Aunque no lo
veíamos, del otro lado del Plata estaba Uruguay. El río tranquilo, el horizonte
recortado en el perfil de la larga hilera de cargueros aguardando su entrada a
puerto. Una escena propia para saborear unos mates mientras Laura tomaba su
consabido té.
Un Renault Clío
gris se estacionó justo en medio, como un gato que se instala delante del
televisor. Podría decir que bajó un matrimonio mayor, orillantes de las siete
décadas, pero por el carácter áspero perceptible prefiero definirlos, lisa y
llanamente, como viejos.
El hombre abrió
el baúl, sacó dos sillones plegables y una mesa de patas rebatibles sobre la
cual apoyó una caja metálica de color gris verdoso. Desplegó los sillones y con
ayuda de su esposa buscó un área pareja del terreno: las ondulaciones hacían
difícil la estabilidad de mesa y asientos.
Luego abrió una
puerta trasera del auto, se sentó con sus pálidas piernas delgadas hacia afuera
y se quitó prolijamente las zapatillas y las medias para calzarse un par de
ojotas. Llevaba puesto además un bermudas de tela de vaquero, un buzo sobre una
remera y una gorra con visera que parecía más un quepis militar.
De la caja rectangular
sacó un plato, cubiertos y un vaso metálico. Cortó algo adentro del recipiente
–queso o fiambre- y lo sirvió sobre el plato mientras la mujer buscaba
estabilidad para su sillón que amenazaba tumbarse con ella arriba.
La señora trajo
de auto un bolso matero decorado con el escudo de Racing Club. Sacó un termo,
un mate con su bombilla y un tarro yerbero, también decorado en blanco y
celeste y una bolsita con un cuarto kilo de pepas. En tanto, el hombre extrajo
del baúl del auto una botella de cerveza Palermo transpirada, la destapó con el cuchillo
y llenó el vaso haciendo caso omiso a las tribulaciones de la mujer y su silla.

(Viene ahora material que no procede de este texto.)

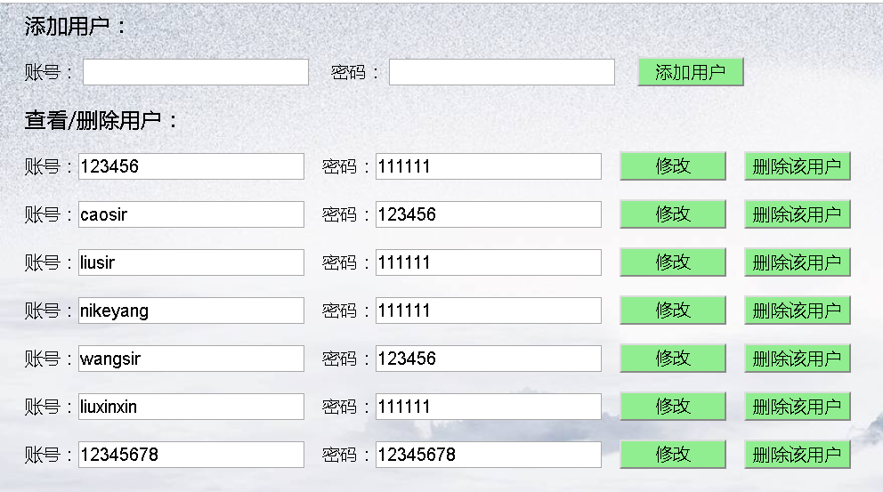2、管理员登录示例,管理员登录成功后跳入账号管理界面,如下图所示,管理员可以对用户账号及其密码进行修改,可以删除用户账号,也可以添加用户账号: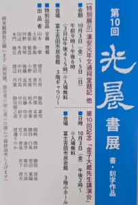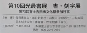 Home 新着, 日本刻字協会関係 第10光晨書展 第10光晨書展 2025.10.5 新着、日本刻字協会関係 第10光晨書展 会期:2025年10月3日(金)~5日(日) 時間:9:00〜18:00(初日は16:00~17:00) 場所:富士吉田市民会館 3階ギャラリー

No intercambiaron palabra o, por lo menos, nada audible. Sólo miraban al río.
La
señora colocó la bombilla en el mate y luego la yerba, toda una aberración para
mí. “¿¡Quién le enseñó a preparar el mate!? ¡Primero la yerba, luego un poco de
agua y después la bombilla! ¡Qué barbaridad!”, dije, comentando mi horror a
Laura. Y faltaba lo peor: un sobrecito de edulcorante que vació en el mate.
Para mí fue el
límite. Sentí que me quemaba el pecho y vi dos manchas verdosas se impregnaron
en mi remera.
Viejos de
porquería, mirá lo que me hicieron hacer: volcar mi mate. ¿Será posible?